Delivering strong safeguards for identity verification services
Parliament has today passed legislation to ensure identity verification services are secure and protect the privacy of Australians.
Identity verification enables Australians to conveniently and securely engage with the digital economy without exposing them to identity fraud and theft.
They are critical to the daily operation of government and industry, with MyGovID, the Australian Tax Office, Centrelink, banks and telecommunications providers all using identity verification services to authenticate identity documents.
The Identity Verification Services Bill 2023 and Identity Verification Services (Consequential Amendments) establish important safeguards, oversight and transparency arrangements including:
- Providing transparency by requiring express consent when verifying an individual’s identity, consultation on proposed rules, annual reporting and publishing participation agreements.

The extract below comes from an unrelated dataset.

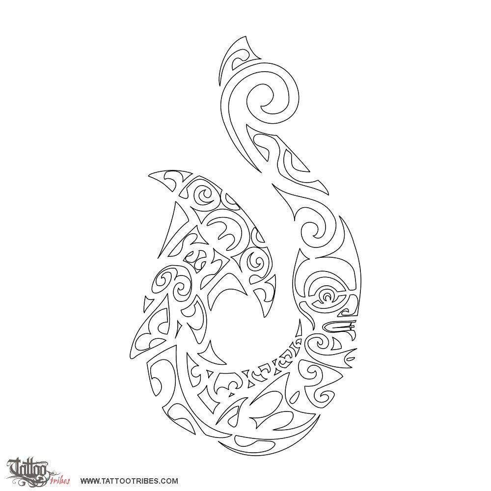 This fish hook tattoo is composed mainly by a tiki (protection), a hammerhead shark (tenacity, strength), a frigate (freedom, watching the world from a higher perspective), waves (change), a turtle (family) and a koru (new life).

- Safeguard personal information by prohibiting the Attorney-General’s Department from dealing with protected information for any purpose other than that provided for in the Bill, and requiring entities that use the Face Verification Service to destroy facial images that are no longer required.
- Requiring compliance with privacy laws and obligations to ensure personal information continues to be protected in accordance with applicable privacy standards.
- Strong penalties for non-compliance, including the ability to suspend or terminate access to the services, and by enlivening civil penalty provisions in the Privacy Act 1988 (Cth) and the Information Commissioner’s regulatory function.
- Securing systems and databases to provide certainty that personal information will be protected, including through the use of encryption and the requirement to report security breaches.
- Supporting robust oversight over the operation of the services and the legislation, including through an annual assessment by the Information Commissioner, two statutory reviews, the reporting of data breaches, and authorised disclosures to Commonwealth integrity agencies.
The passage of these Bills ensures Australians can continue to benefit from the operation of the identity verification services while maintaining strong standards of privacy and security.